I can certainly explain with pleasure to my hon. Friend that close attention is being paid to Hampshire TEC's particular problems with meeting the guarantee. As I said, all TECs have the resources required to meet it. In fact, we have provided for 244,000 places for young people in the current year and the number required is only 216,000. There is no problem with resources, but there may be a problem with Hampshire TEC—as there are with some others—in finding employer placements. Each and every TEC—few now are finding difficulty—will be helped to meet the guarantee by the end of this month.

Mr. Wallace

How can the Secretary of State say that the guarantee is being met when she has just heard that 1,000 young people in Hampshire have no training places? A similar survey in Fife also found a large shortfall. Is not the reason that the right hon. Lady's budget for this year is £3.5 billion, when, in 1987, in real terms, it was £5.1 billion? In other words, the Secretary of State has only two thirds of the amount that was available in 1987, but unemployment is roughly at the same level. Is not the right hon. Lady abdicating her responsibilities to those who are unemployed and seeking training?

Mrs. Shephard

Unlike the hon. Gentleman, we welcome the fact that more young people are staying on at school. That results, perforce, in fewer young people coming forward for a training place. As I said, some TECs have found it difficult this year to find employer placements. There is of course always a surge of demand when young people make up their minds to choose youth training in the autumn. I repeat that there need be no problem of inadequate resources preventing TECs and LECs from meeting the guarantee.

Mr. Heald

Does my right hon. Friend agree that training and enterprise councils can play a special role in cases where there are large redundancies by co-ordinating task forces—as they have done in Hertfordshire and in my constituency in north Hertfordshire?

Mrs. Shephard

Yes. Hertfordshire TEC has played a key role in helping with British Aerospace redundancies, and I was delighted by the positive and strong response made by TECs in preparing plans to cope with pit closures.

Mr. Tony Lloyd

How can the Secretary of State claim that TECs are happy with the settlement when last year, this year, and next year they received and will receive real-terms cuts in their budgets at a time when long-term unemployment and unemployment generally are continuing to rise?

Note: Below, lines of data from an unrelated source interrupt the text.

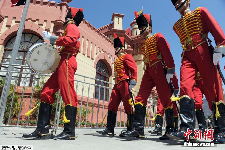委内瑞拉:2013年3月28日,委内瑞拉加拉加斯,委内瑞拉仪仗队护送已故总统查韦斯遗体回家。
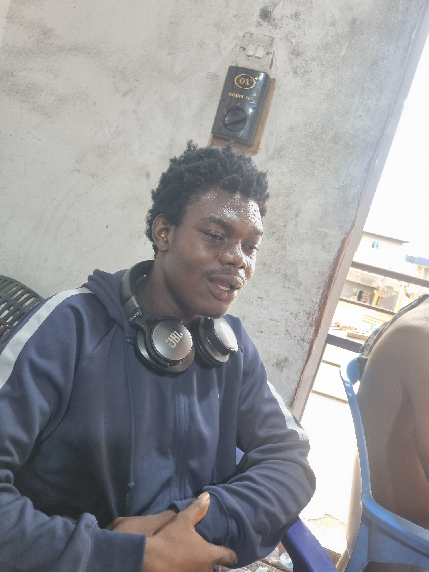 A person wearing a navy blue hoodie with a white stripe on the sleeves and a pair of JBL headphones around their neck sits in a building in the city of Unknown, Unknown. The walls of the building are…read more
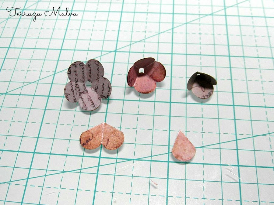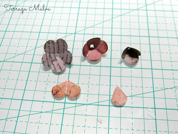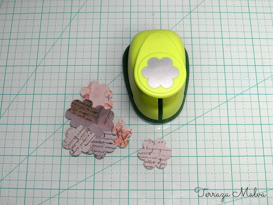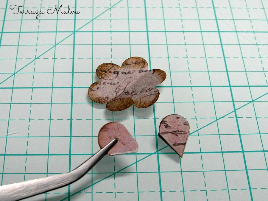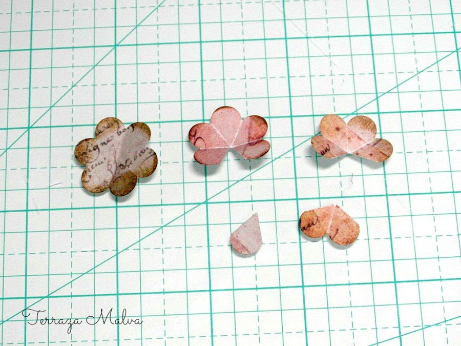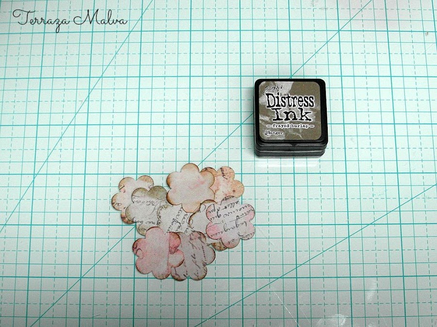El papel que he usado está impreso por las dos caras utilizando una imagen de escritura antigua que encontré en Internet. Después de troquelar varias flores entinté suavemente los bordes para acentuar el aspecto antiguo. Para ello he usado distress ink en color "Frayed Burlap".
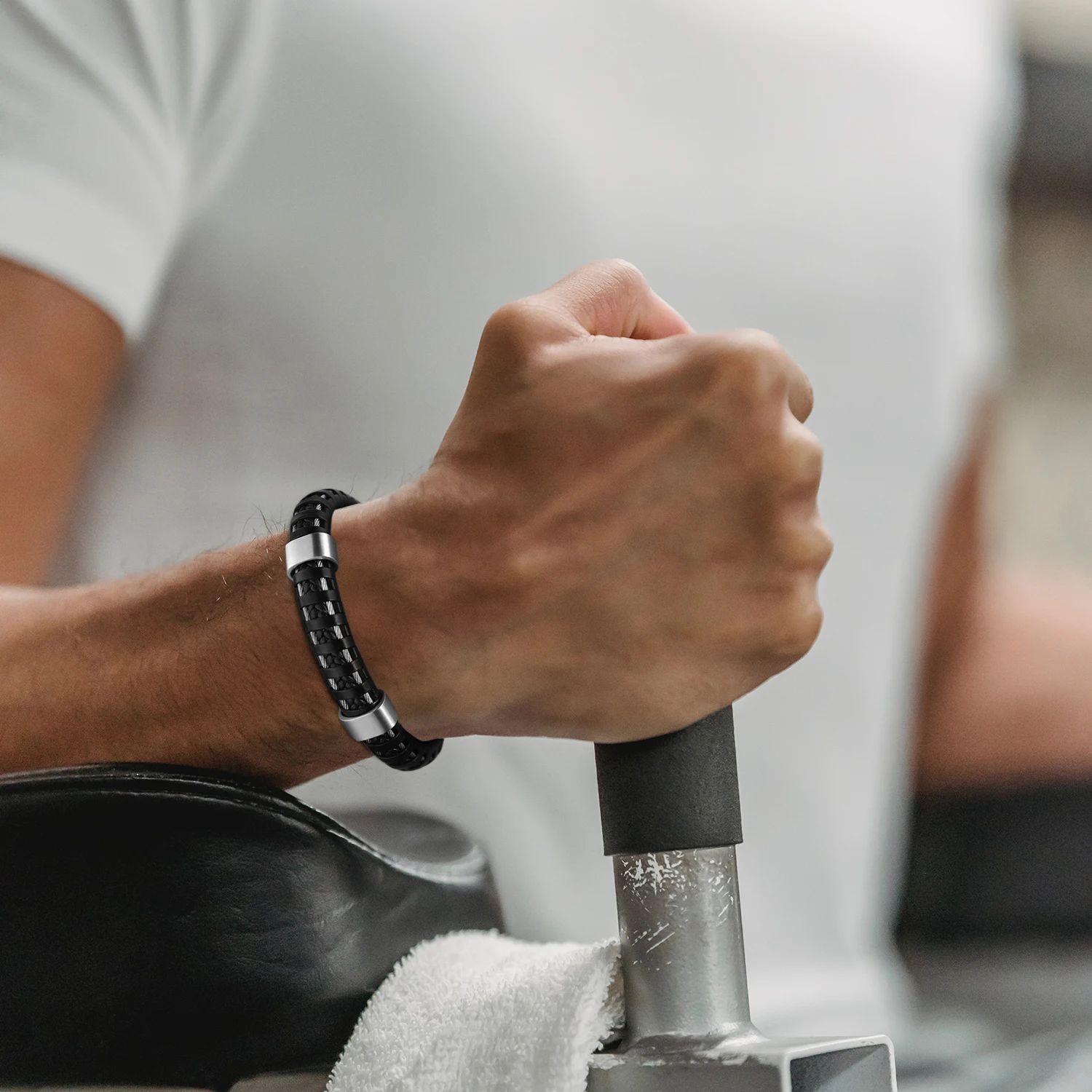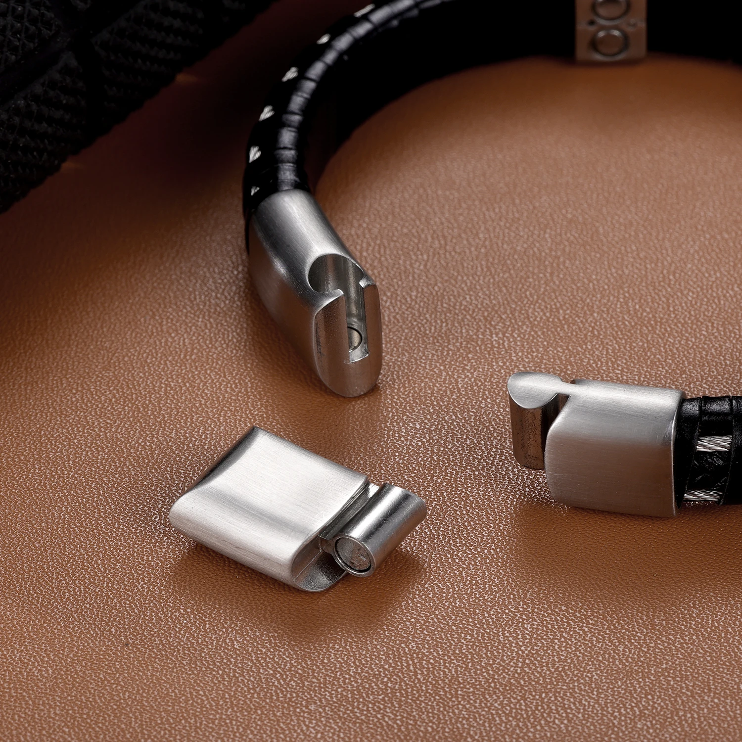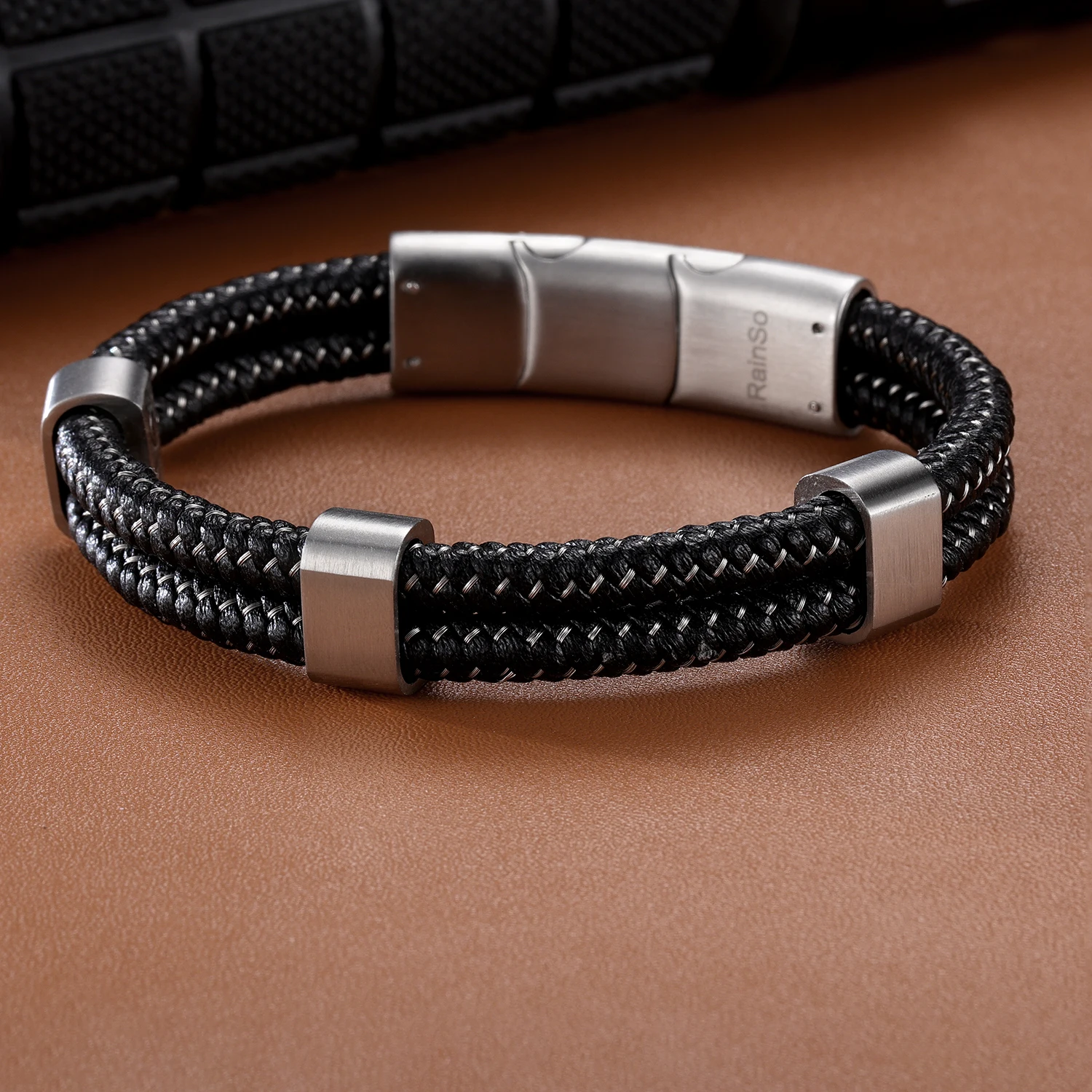 Rainso Men Leather Bracelet Bio Energy Magnetic Stainless Steel Bracelet Viking Male Hard Clasp Fashion Hand Chain Bracelet

How can the right hon. Lady tell the House that she is keeping to the guarantee when, by her own figures, she admits that 19,000 young people have not been found a youth training place? Will she undertake to re-examine the situation whereby many young people for whom the guarantee has not been honoured find themselves without any income? Will she talk to her friend at the Department of Social Security and suggest that those young people should once again receive some kind of benefit?

Mrs. Shephard

As the hon. Gentleman knows perfectly well, there is a special hardship allowance and bridging allowances for young people who are between YT places. Given that in the House on 20 November the hon. Gentleman wrongly claimed that 75,000 young people were waiting for a training place, I thought that he would welcome today's figures.

Mr. Sweeney

Does my right hon. Friend accept that Britain is unique in offering a guaranteed place on a training scheme for all 16 to 17-year-olds?

Mrs. Shephard

Yes, I accept my hon. Friend's point. There is no question but that we have a better record in that respect than many of our European counterparts, including France.